In the office, a person was sitting in a glass cabin. He seemed to be the controller. But for what? Amar was unable to understand. Six men were working in the room, all fixed their eyes on the screens. One of them said, ‘Point number ten is going slow, take out some staff from there’.
‘Noted’, was the response from another. ‘Field manger number 10, remove three staffers from the point and shift to the point number 4.’
Such directions were being given and followed in a mechanical way. In the meantime, Big Boss entered the room. No one responded; all kept on working. ‘All things are going very well. Collection is satisfactory. But we need to open a new point at this crossing’, an operator pointed towards a traffic signal in some part of the city.’
‘Ok’, said the Boss. ‘I have asked Zaman to arrange more staff, and he may have done so’. Then the Boss called someone for supply of ‘goods’ and promise was obliged. All the things were happening mechanically. A screen was showing some digits, which were changing. They were six digits which were going up.
Apt and apropos
Within one week, Amar understood the job. He was shocked in the beginning but the pay and nature of job was appropriate for him… and like him many others. Within one week, he was expert in the task.

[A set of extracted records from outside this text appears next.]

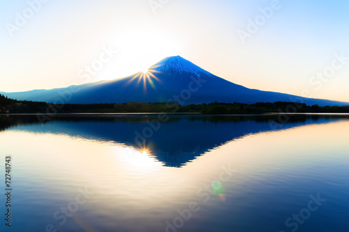 Sun shine and inverted Mount Fuji reflected in Lake Tanukiko
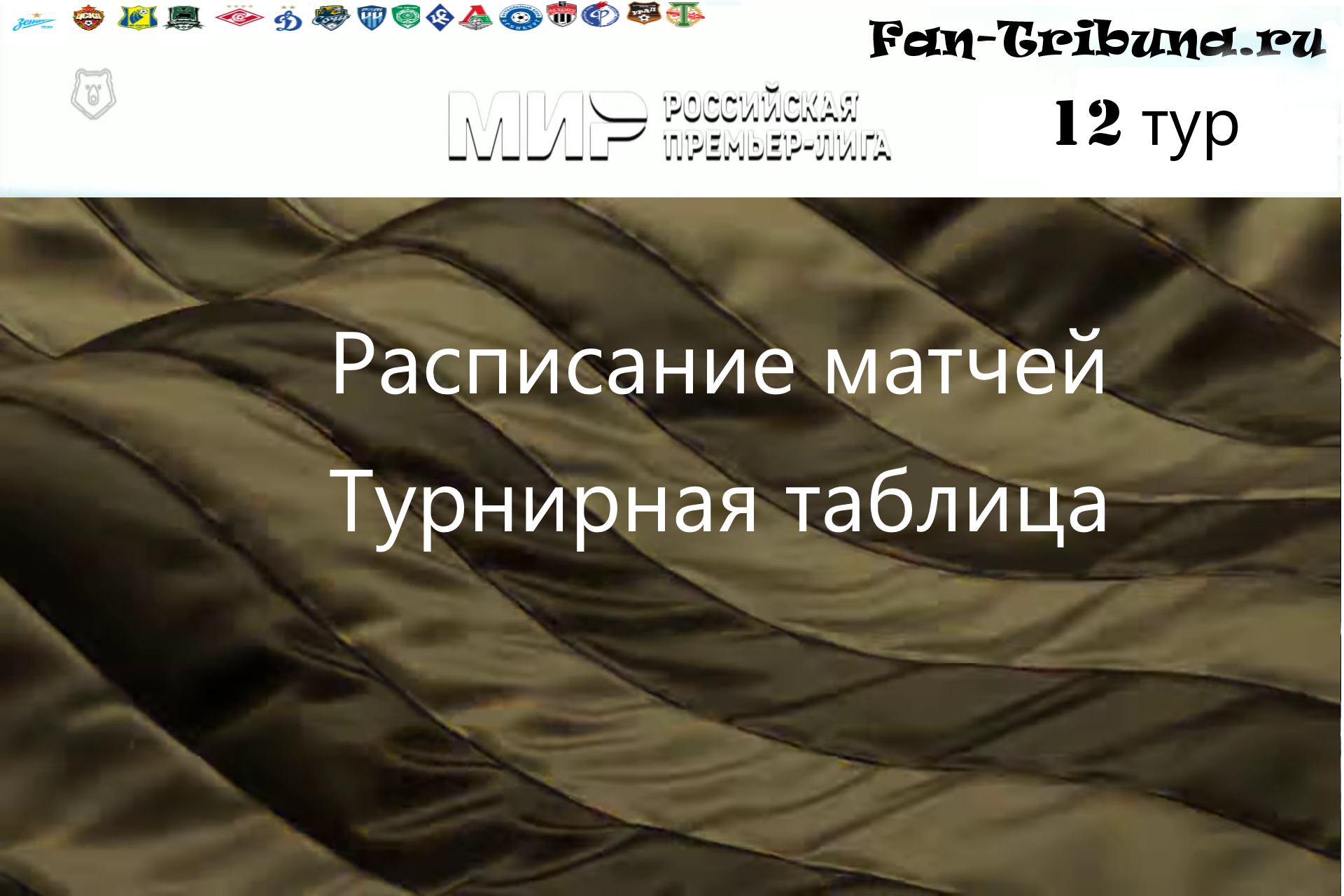 Привет всем фанатам футбола ! С расписанием матчей на 12 тур сезона 22/23 Российской Премьер Лиги вы ознакомитесь на этой странице сайта Fan-Tribuna.ru. А так же узнаете о расположении команд в турнирной таблице перед предстоящими поединками футбольного чемпионата . Прямые трансляции и видеообзоры игр 12 тура вас ждут на нашем сайте. Всем удачи и увлекательных просмотров.
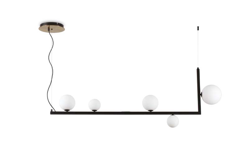 BIRDS - Závěsné svítidlo, lustr, základna kov, povrch mosaz a černá, dif sklo opál, pro žárovku 5x15W, G9, 230V, IP20, tř.1, rozměry 1355x455x200, vč závěs kabelu l=1600mm, lze zkrátit.

It was really a job correspondent to his talent… the talent which was infused and polished by his education system and society. His eyes were fixed on the screen. That control room was equipped with latest communication system. All mosques, markets, bus stops, hospitals, traffic signals, parks, some typical streets etc were before their eyes. Their staffers were working. It was a very thriving business. The only mess was created by some civil society organizations which were making unnecessary hue and cry on abduction of children from various parts of the country, and increasing number of baggers in cities. But their fuss could make no dent. The Boss could move his teams on social media to curb civil society, accusing one or two prominent members of treason or profanity or some other serious crime. All high and mighty were receiving their due share. Last week, a high official of interior ministry was sent two million rupees. A packet of half million for local inspector was ready to be dispatched. Everything was happening according to rules and regulations. There was no cheating. In the warehouse, newly abducted children were ‘treated’ before being sent to job. Their wounds were properly looked after. The Boss was really very kind. After all, they were the staffers, begging at various places, booked and watched. Hi-tech begging cartel was thriving. Aami was a part of it. It was beggar’s choice, but very appropriate one.
Note: Names used in the feature are fictitious. Any similarity will be unintended.